Dataset entries
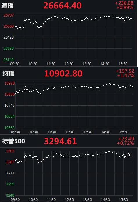 截至收盘,道指涨236.08点,涨幅0.89%,报26664.40点;纳指涨157.52点,涨幅1.47%,报10902.80点;标普500指数涨23.49点,涨幅0.72%,报3294.61点。
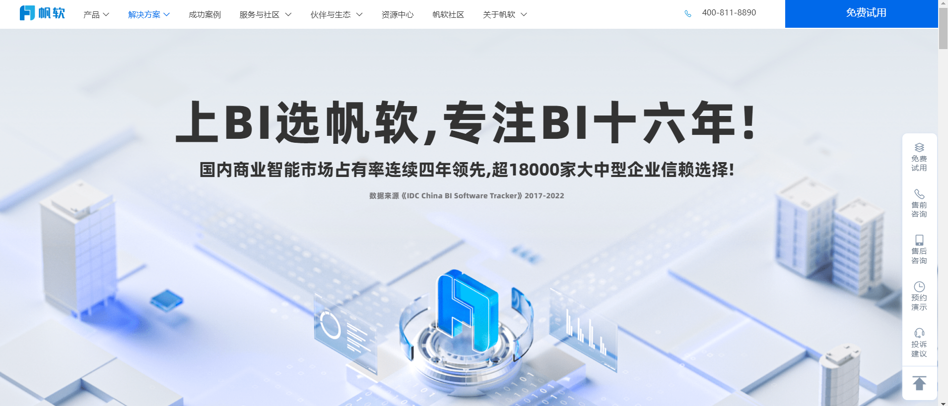 帆软 - 上BI选帆软,专注BI十六年大数据分析,数据分析平台,大数据公司,数据中心,大数据解决方案,数据分析软件,数据可视化工具,商业智能,BI工具,大数据BI,BI解决方案,帆软,帆软帆软专注BI(商业智能)领域16年,IDC认证国内BI市场占有率第一,超18000家大中型企业选择,为70000个信息化项目提供BI支持。
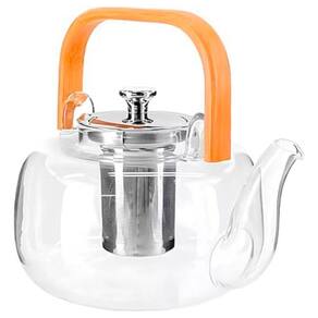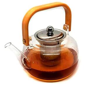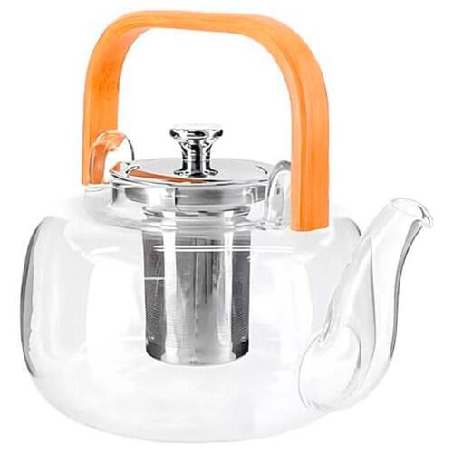 Chaleira de Vidro Borosilicato Base Plana com Infusor Inox e Alça de Madeira para Chá Transparente Negócio de Gênio
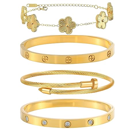 Ntutrxk Gold Bracelets for Women- 4Pcs 18K Gold Plated Stackable Floral Clover Bracelets ,Stainless Steel Bangle Non Tarnish, Gold Bracelet Set Trendy Jewelry,Christmas Valentines Birthday Gifts-Pulseras Para Mujer
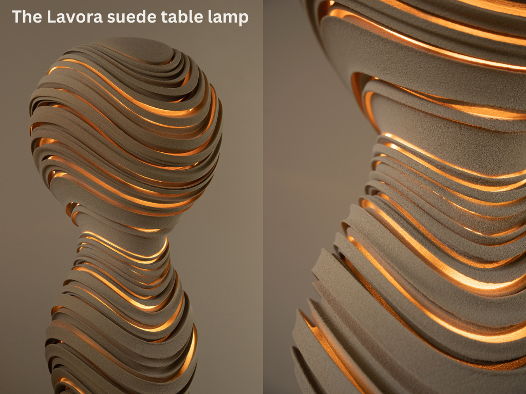 The Lavora suede table lamp is part of the ongoing lavora collection. It takes inspiration from the intricate formation of desert sand dunes as they morph and shift in the breeze. The beige colouring reflects that of the dunes and adds to the aesthetic. The form is made of rolling curves and uses shadows to define depth.
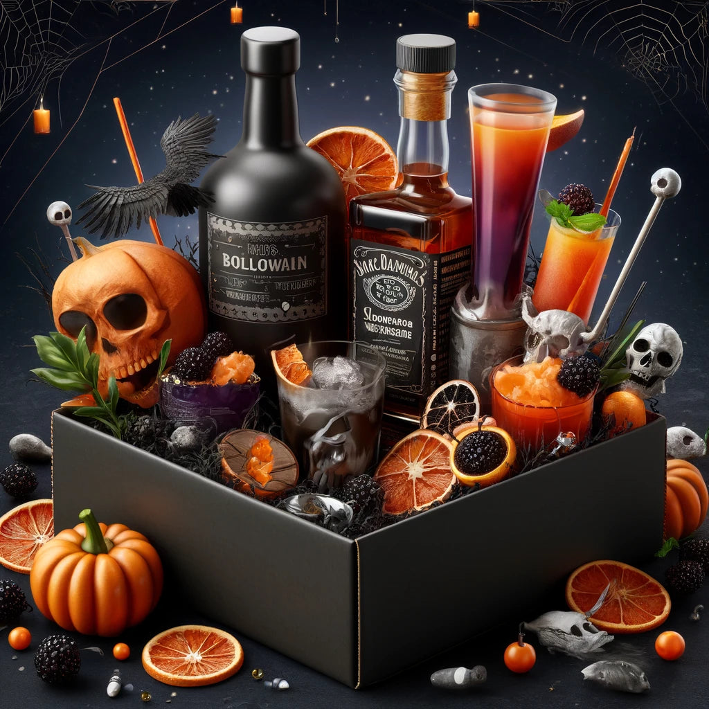 A spooky Halloween-themed cocktail gift box for eerie cocktail parties, includes black and orange-themed items.
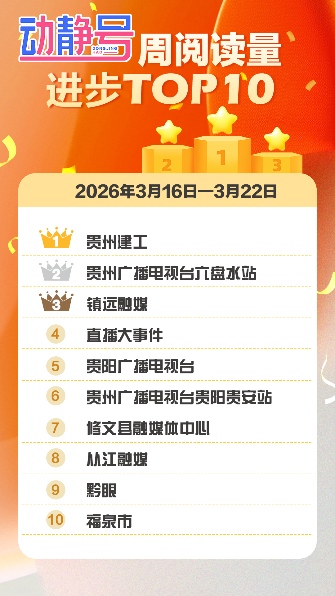 贵州建工、贵州广播电视台六盘水站、镇远融媒上周阅读量均突破10万,其中贵州建工阅读量冲破18万。
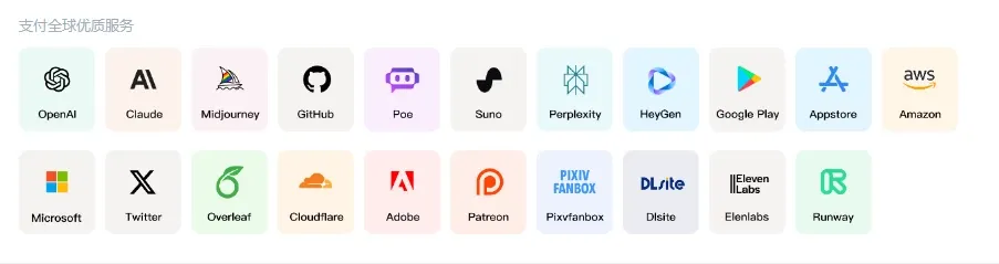 这张卡不仅可以用于升级 ChatGPT,还可以订阅许多常见的国外软件,如 Claude Pro、OnlyFans、Midjourney、SUNO、Google Pay、Cursor 等等,强烈推荐开一张。
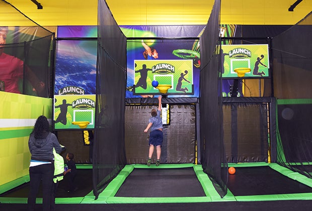 Launch’s ticket system is interesting. You’ll pay by the half-hour ($15 for 30 minutes, $20 for 60 minutes), and you'll get a color-coded wristband that enables you to jump at a specific time. Entries onto tramps happen every 15 minutes, and you can reserve a specific time slot in advance online. (Non-jumping chaperones are free, but they still need to sign in.)
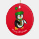 Christmas Ornament shown in a round shape with a red background and a cute holiday penguin print.
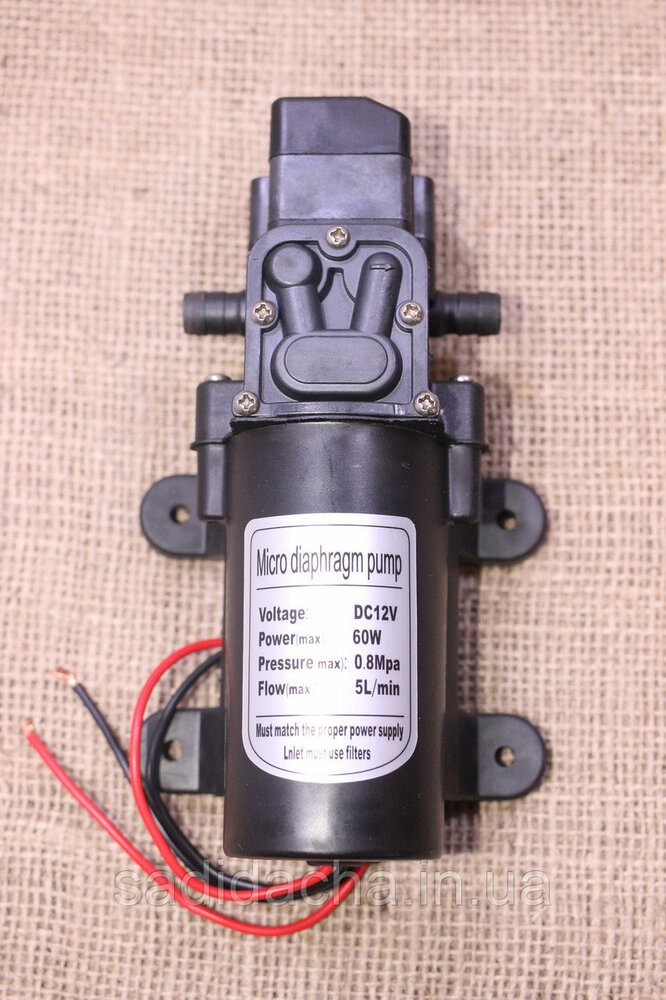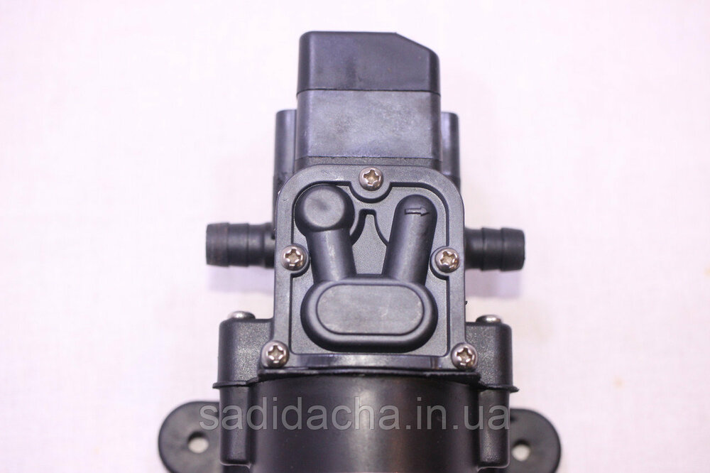 Мембранный насос высокого давления 12 в мощностью 60 Вт. С датчиком давления при достижении максимального давления насос выключается, при спаде давления происходит самозапуск.
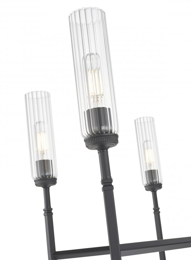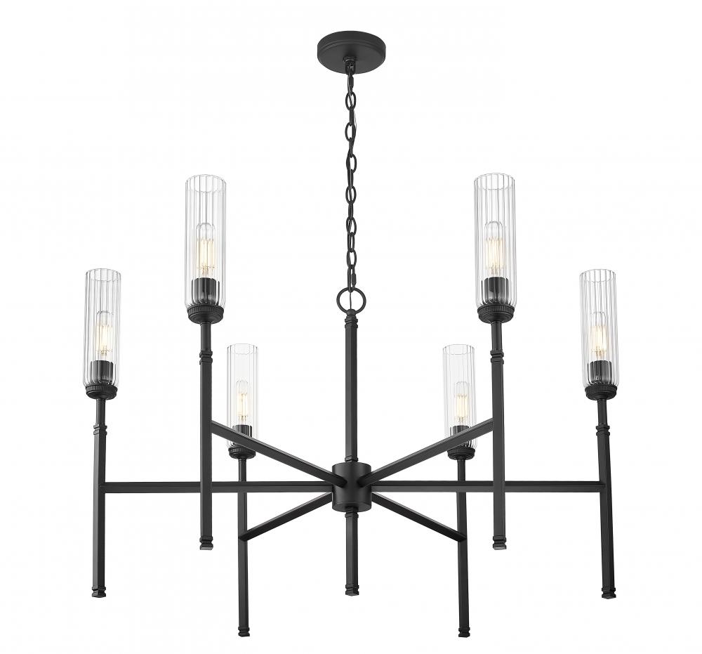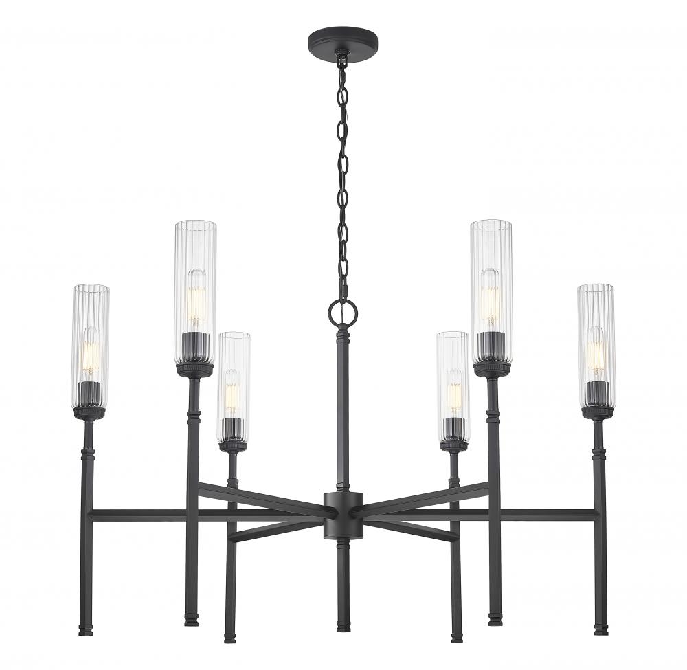 Embrace timeless design with the clean, slim lines and defining matte black finish that decorate this modern six-light chandelier. Each light features a slim stem and tall fluted clear glass shade, evoking a classic champagne flute. The clustered arrangement staggers the light to maintain a compact profile thats just right for living and dining rooms, alike.
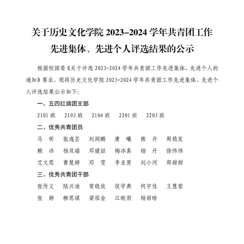 【公示】杏吧 2023—2024学年共青团工作先进集体、先进个人评选结果公示
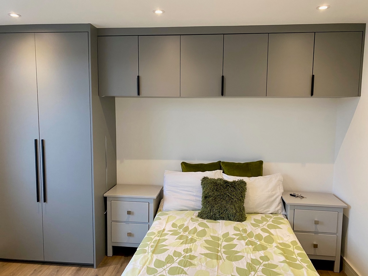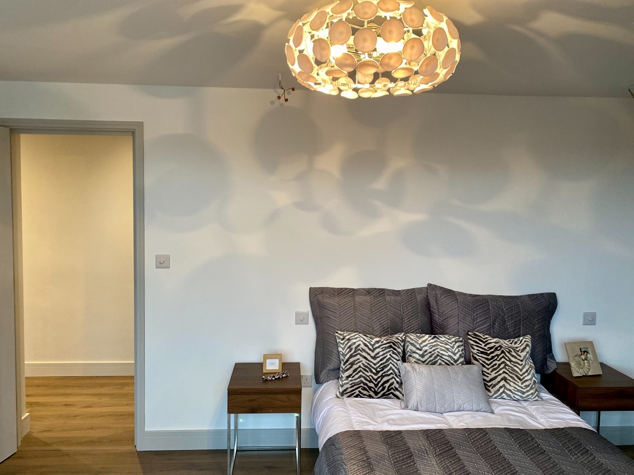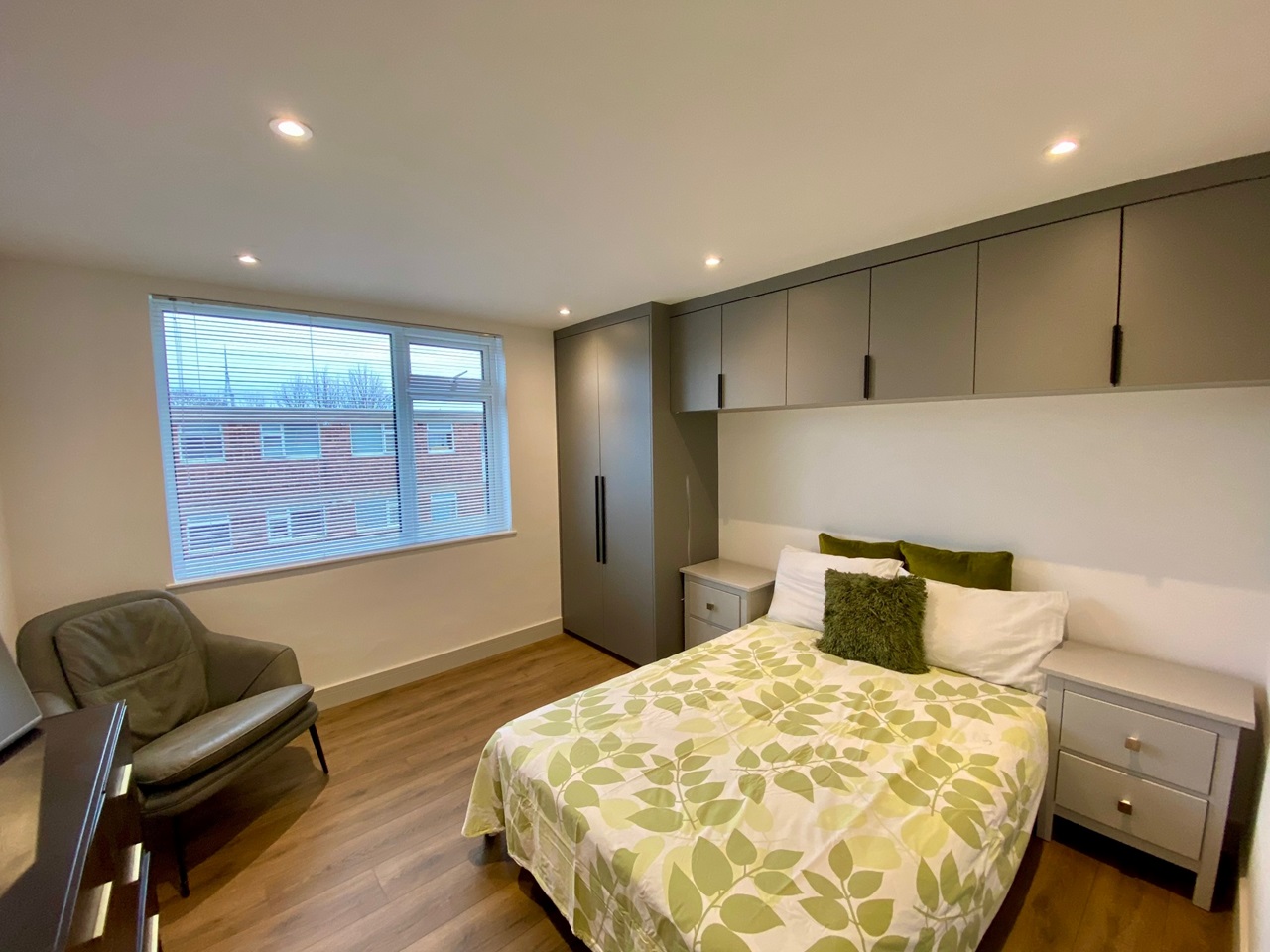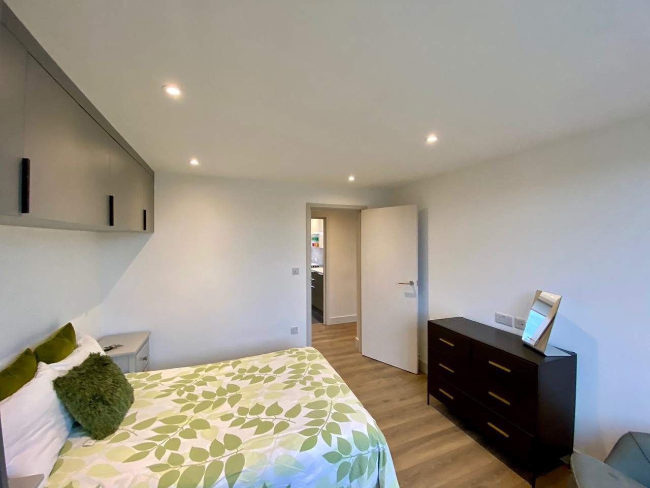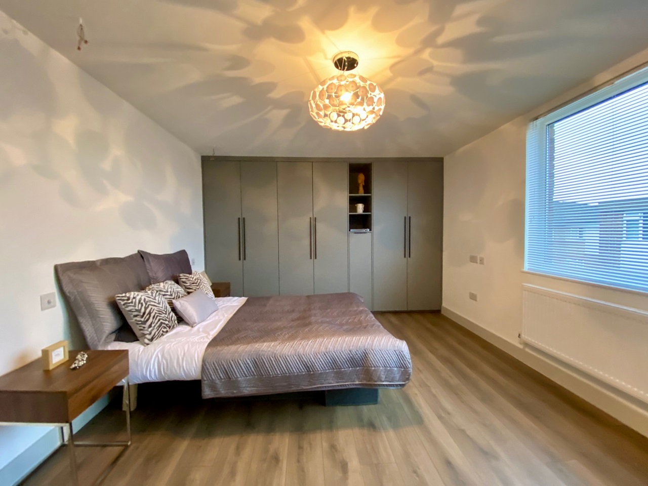 Large double bedroom with floor to ceiling fitted wardrobes and high-level cupboards allowing maximum flexibility to use the space as a bedroom with desk or a office/spare room. Wired for TV point and internet.

> _PROBLEM STATEMENT_:
What you return must match, character for character, the lines above from the one with "这张卡不仅可以用于升级 ChatGPT,还可以订阅许多常见的国外软件,如 Claude" through the one with "Мембранный насос высокого", minus any pictures.

> _TASK SOLUTION_:
 这张卡不仅可以用于升级 ChatGPT,还可以订阅许多常见的国外软件,如 Claude Pro、OnlyFans、Midjourney、SUNO、Google Pay、Cursor 等等,强烈推荐开一张。
 Launch’s ticket system is interesting. You’ll pay by the half-hour ($15 for 30 minutes, $20 for 60 minutes), and you'll get a color-coded wristband that enables you to jump at a specific time. Entries onto tramps happen every 15 minutes, and you can reserve a specific time slot in advance online. (Non-jumping chaperones are free, but they still need to sign in.)
 Christmas Ornament shown in a round shape with a red background and a cute holiday penguin print.
 Мембранный насос высокого давления 12 в мощностью 60 Вт. С датчиком давления при достижении максимального давления насос выключается, при спаде давления происходит самозапуск.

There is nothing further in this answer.